What is the definition of circulatory shock?

A complex acute systemic circulatory failure causing inadequate tissue blood supply → cell and organ damage → ultimately multiple organ failure and death without intervention.

What causes hypovolemic shock?

Decreased blood/plasma volume — hemorrhagic, or plasma loss from vomiting, diarrhea, and burns.

What are the four etiological classes of circulatory shock?

Hypovolemic, cardiogenic, obstructive, and distributive.

What are the subtypes of cardiogenic shock?

Ischemic, myopathic, and arrhythmic (a cardiac-origin decrease in CO).

What are the types of distributive shock?

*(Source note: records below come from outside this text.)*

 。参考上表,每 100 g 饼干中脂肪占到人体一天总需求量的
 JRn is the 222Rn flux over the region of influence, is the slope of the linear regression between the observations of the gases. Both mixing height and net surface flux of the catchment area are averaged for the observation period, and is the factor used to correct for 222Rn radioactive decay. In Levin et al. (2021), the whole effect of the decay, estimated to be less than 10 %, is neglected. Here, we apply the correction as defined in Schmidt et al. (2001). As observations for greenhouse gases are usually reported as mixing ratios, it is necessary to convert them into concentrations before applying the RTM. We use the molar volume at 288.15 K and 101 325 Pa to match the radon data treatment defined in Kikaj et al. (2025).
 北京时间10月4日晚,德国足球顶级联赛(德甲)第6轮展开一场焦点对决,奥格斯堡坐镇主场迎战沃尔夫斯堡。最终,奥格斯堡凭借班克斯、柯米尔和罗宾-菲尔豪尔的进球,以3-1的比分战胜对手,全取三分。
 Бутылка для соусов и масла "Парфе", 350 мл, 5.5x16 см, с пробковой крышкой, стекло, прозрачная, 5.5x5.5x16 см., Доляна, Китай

Septic, anaphylactic, and neurogenic (increased vascular capacity).

What characterizes hypodynamic (vasoconstrictive) shock?

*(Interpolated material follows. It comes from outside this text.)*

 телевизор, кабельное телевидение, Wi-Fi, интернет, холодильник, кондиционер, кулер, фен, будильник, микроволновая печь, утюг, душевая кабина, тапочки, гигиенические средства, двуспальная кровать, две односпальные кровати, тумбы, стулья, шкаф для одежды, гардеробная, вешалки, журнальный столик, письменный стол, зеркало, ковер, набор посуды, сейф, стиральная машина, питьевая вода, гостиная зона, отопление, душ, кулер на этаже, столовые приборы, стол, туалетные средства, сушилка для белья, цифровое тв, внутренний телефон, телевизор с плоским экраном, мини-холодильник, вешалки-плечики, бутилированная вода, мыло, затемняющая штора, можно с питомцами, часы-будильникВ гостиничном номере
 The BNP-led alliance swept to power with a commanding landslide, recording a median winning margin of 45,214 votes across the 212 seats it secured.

Hypovolemic, cardiogenic, and obstructive shock: primary ↓CO → compensatory general vasoconstriction (↑TPR) to maintain BP.

What characterizes hyperdynamic (vasodilative) shock?

Distributive shock: initial ↓TPR (vasodilation) → ↓afterload, transiently ↑CO → then ↓venous return → ↓CO (resembling hypodynamic shock).

Which type of shock is most frequent?

Septic shock (>50% of cases).

How does CO fall in each shock type by mechanism?

Hypovolemic & distributive: ↓preload → ↓CO; cardiogenic: loss of myocardial pump function; obstructive: ↑afterload → ↓CO.

What are vis a fronte and vis a tergo?

Vis a fronte = diastolic suction (depends on lusitropic capacity); vis a tergo = forward push from large-vessel stretch and developed pressure — the forces returning blood to the heart.

How does hypovolemic shock reduce cardiac output via the Frank-Starling mechanism?

↓Blood volume → ↓filling pressure → ↓preload → ↓CO.

How does distributive shock reduce preload despite a normal blood volume?

The unstressed/stressed volume boundary shifts right, so a normal volume no longer generates adequate filling pressure → ↓preload → ↓CO.

Why does distributive shock eventually resemble hypodynamic shock?

After an initial transient ↑CO from vasodilation, venous return falls → CO drops, mimicking the low-output hypodynamic state.

What is the final common consequence of untreated shock?

Multiple organ failure (MOF/MODS) and death.

Why is cardiac output a better early indicator than blood pressure in shock?

Compensatory vasoconstriction maintains BP initially, so CO falls before BP — making BP a misleading late marker.

How does the hemodynamic profile of obstructive shock compare to hypovolemic shock?

Both are hypodynamic/vasoconstrictive with low CO and compensatory ↑TPR, but obstructive shock results from ↑afterload (large-vessel occlusion) rather than volume loss.

Why does diastolic suction (vis a fronte) depend on lusitropic capacity?

Active myocardial relaxation (lusitropy) generates the diastolic suction that helps draw blood back into the heart.

Which shock types are unified by a fall in preload?

Hypovolemic and distributive shock both reduce CO via decreased preload.

Why does compensatory vasoconstriction in hypodynamic shock harm tissues despite maintaining BP?

Raising TPR supports blood pressure but reduces perfusion to peripheral tissues, contributing to later cell/organ damage.